It must be possible to upgrade the device emulation process and the VMM without disrupting the guest. Upgrading the device emulation process is similar to crash recovery in that the process terminates and a new one resumes with the previous state.

Device versioning

The guest-visible aspects of the device must be versioned. In the simplest case the device emulation program would have a --compat-version=N command-line option that controls which version of the device the guest sees. When guest-visible changes are made to the program the version number must be increased.

By giving control of the guest-visible device behavior it is possible to save/load and live migrate reliably. Otherwise loading device state in a newer device emulation program could affect the running guest. Guest drivers typically are not prepared for the device to change underneath them and doing so could result in guest crashes or data corruption.

Security

The trust model

The VMM must not trust the device emulation program. This is key to implementing privilege separation and the principle of least privilege. If a compromised device emulation program is able to gain control of the VMM then out-of-process device emulation has failed to provide isolation between devices.

The device emulation program must not trust the VMM to the extent that this is possible. For example, it must validate inputs so that the VMM cannot gain control of the device emulation process through memory corruptions or other bugs. This makes it so that even if the VMM has been compromised, access to device resources and associated system calls still requires further compromising the device emulation process.

Unprivileged operation

The device emulation program should run unprivileged to the extent that this is possible. If special permissions are required to access hardware resources then these resources can sometimes be provided via file descriptor passing by a more privileged parent process.

Sandboxing

Operating system sandboxing mechanisms can be applied to device emulation processes more effectively than monolithic VMMs. Seccomp can limit the Linux system calls that may be invoked. SELinux can restrict access to system resources.

Sandboxing is a common task that most device emulation programs need. Therefore it is a good candidate for a library or launcher tool that is shared by device emulation programs.

Management

Command-line interface

A common command-line interface should be defined where possible. For example, vhost-user's standard --socket-path=PATH argument makes it easy to launch any vhost-user device backend. Protocol-specific options (e.g. socket path) and device type-specific options (e.g. virtio-net) can be standardized.

Some options are necessarily specific to the device emulation program and therefore cannot be standardized.

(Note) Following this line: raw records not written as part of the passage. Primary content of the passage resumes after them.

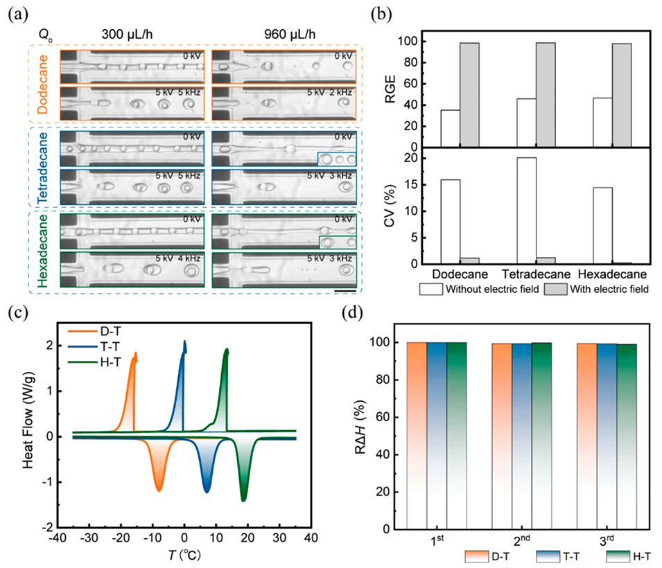 图 8. 微胶囊相变材料(MEPCMs)的电辅助制备。(a)当Qi:Qm为20:40 μL/h时,十二烷、十四烷和十六烷的核壳液滴电辅助生成过程。(b)当外相流速Qo=960 μL/h时,RGE和变异系数(CV)的提升情况。(c)D-T、T-T和H-T相变材料的差示扫描量热(DSC)曲线。(d)多次循环后的相变潜热。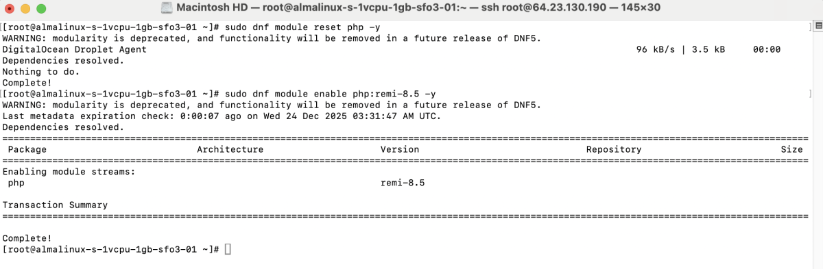 Step 4 : Reset the default PHP module and enable PHP 8.5: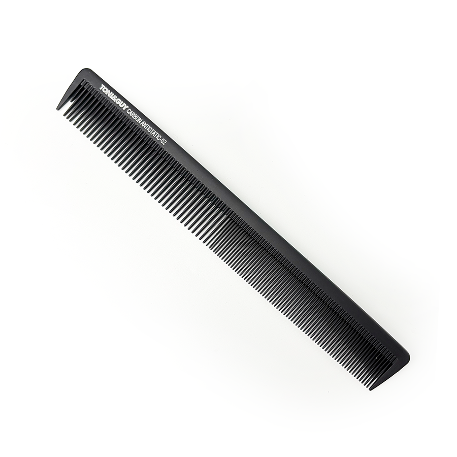 Комбінований гребінець з рідкими та частими зубцями з міцного, термостійкого та зносостійкого матеріалу. Зубці ідеально згладжені, що забезпечує легке ковзання по волоссю, не травмуючи його при розчісуванні. Карбон - дуже міцний матеріал і гребінці з нього практично не гнуться, що дає можливість краще контролювати їх у роботі.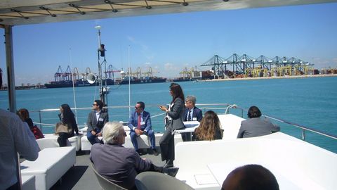 A su llegada al puerto, fueron recibidos por Joris Claeys, de Port Expertise, Mar Chao, Directora Comercial de la Autoridad Portuaria y Francesca Antonelli, jefa de marketing, quienes antes de la vista en barco del puerto, les presentaron la propuesta de valor de Valenciaport, y la futura terminal de contenedores, el proyecto para las nuevas instalaciones para pasajeros, el acceso norte y las inversiones para la potenciación del tráfico ferroviario.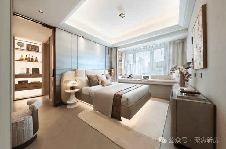 南北双套房的设计,媲美豪宅行政级主卧套房体验,步入式衣帽间+私享卫浴及南向超阔飘窗!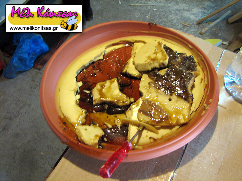 Σιγά σιγά το κερί… παραδίνεται! Φυσικά το κερί μέσα από κηρήθρες στις οποίες έχει εκτραφεί και γόνος είναι πιο δύσκολο να βγει και θέλει περισσότερο χρόνο.

The advantage of standard options is that management tools like libvirt can launch the device emulation programs without further user configuration.

RPC interface

It may be necessary to issue commands at runtime. Examples include adjusting throttling limits, enabling/disabling logging, etc. These operations can be performed over an RPC interface.

Various RPC interfaces are used throughout open source virtualization software. Adopting a widely-used RPC protocol and standardizing commands is beneficial because it makes it easy to communicate with the software and management tools can support them relatively easily.

Conclusion

This was largely a brain dump but I hope it is useful food for thought as out-of-process device emulation interfaces are designed and developed. There is a lot more to it than simply implementing a protocol for device register accesses and guest RAM DMA. Developing open source libraries in Rust and C that can be used as needed will ensure that out-of-process devices are high-quality and easy for users to deploy.